Let x be the age of Richard and y the age of Sheila."Richard is 5 years older than Shelia" can be represented by the equation x = y + 5. "Three more than four times Sheila age is 2 less than 3 times Richards age": Let's divide it into 2 parts: "Three more than four times Sheila" is 4y + 3, and "2 less than 3 times Richard's age" is 2 - 3x. So "Three more than four times Sheila age is 2 less than 3 times Richards age" is 4y + 3 = 2 - 3x
We can now create a system: x = y + 5 (1) 4y + 3 = 3x - 2 (2)
-Let's replace x by its algebraic value from equation (1) in equation (2): 4y + 3 = 3x - 2 4y + 3 = 3(y+5) - 2
-Develop 3(y+5): 3(y+5) = 3y + 15
4y + 3 = 3y + 15 - 2 4y + 3 = 3y + 13 Now subtract 3y and subtract 3 from both sides to have the variables on a side and the numbers on the other side: 4y + 3 - 3 - 3y = 3y - 3y + 13 - 3 y = 10
So Sheila is 10 years old. And x = y + 5 = 10 + 5 = 15 So Richard is 15 years old.

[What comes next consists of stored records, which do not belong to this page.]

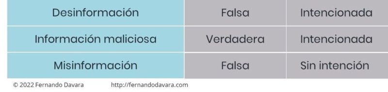 Y también porque creo que la desinformación no es solo información falsa. Es también información errónea o engañosa que se difunde con o sin intención de engañar o manipular, abarcando tres categorías:
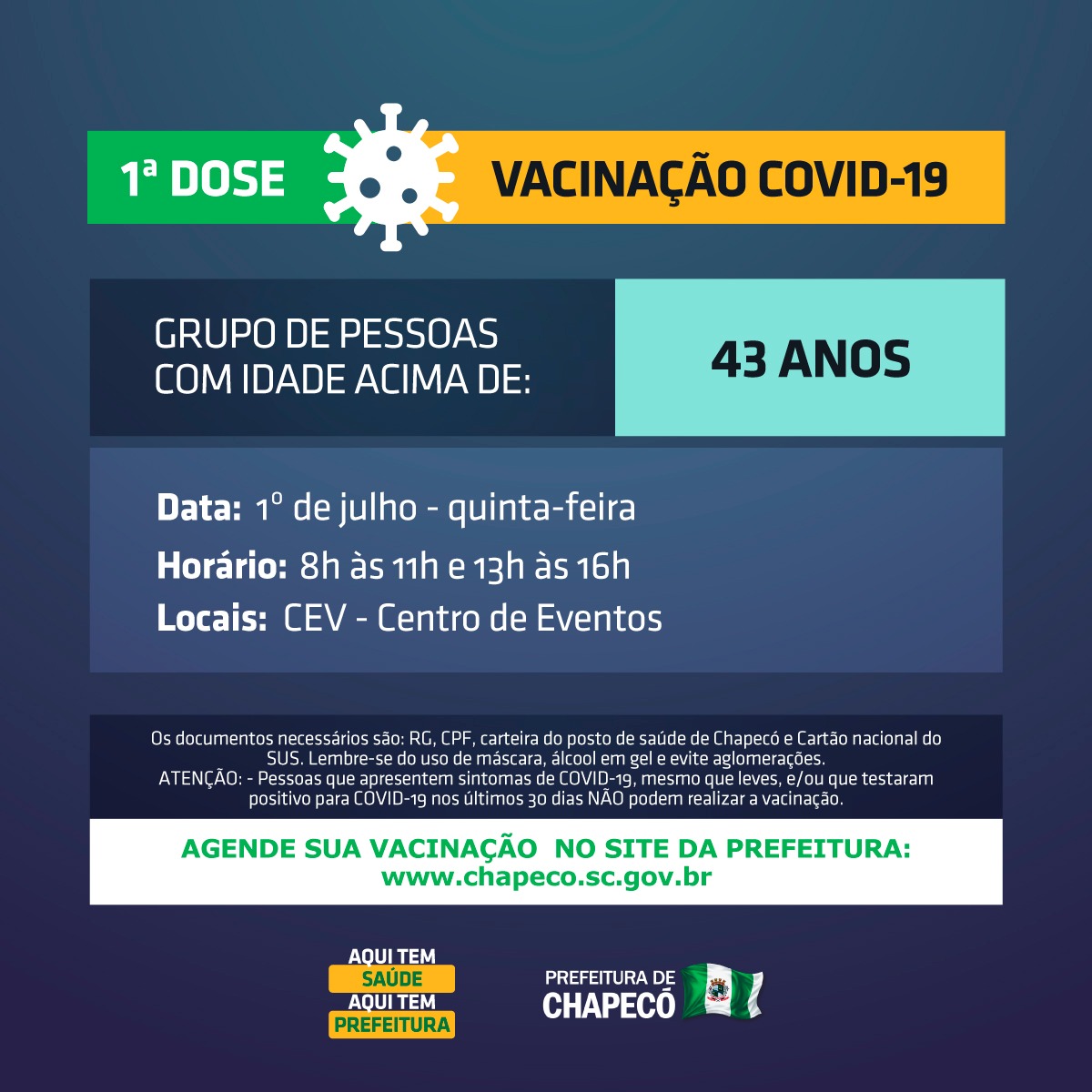 Chapecó reabriu a faixa etária de vacinação contra a Covid ,da população em geral, para 43 anos, nesta quinta-feira. Os horários são das 8h às 11h e das 13h às 16h, no Centro Estratégico de Vacinação, no Centro de Eventos. O agendamento no site da Prefeitura, no www.chapeco.sc.gov.br, esgotou no início da tarde desta quarta-feira, pois atingiu limite de doses.
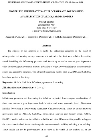 THE JOURNAL OF ECONOMIC SCIENCES: THEORY AND PRACTICE, V.71, # 2, 2014, pp. 66-80

You can recheck your answer: y + 5 = 10 + 5 = 15 = x (Richard is 5 years older than Sheila) 4y + 3 = 4*10 + 3 = 43 and 3x - 2 = 3*15 - 2 = 45 - 2 = 43 So 4y+3=3x-2=43 (Three more than four times Sheila age is 2 less than 3 times Richard's age) The answer has been approved.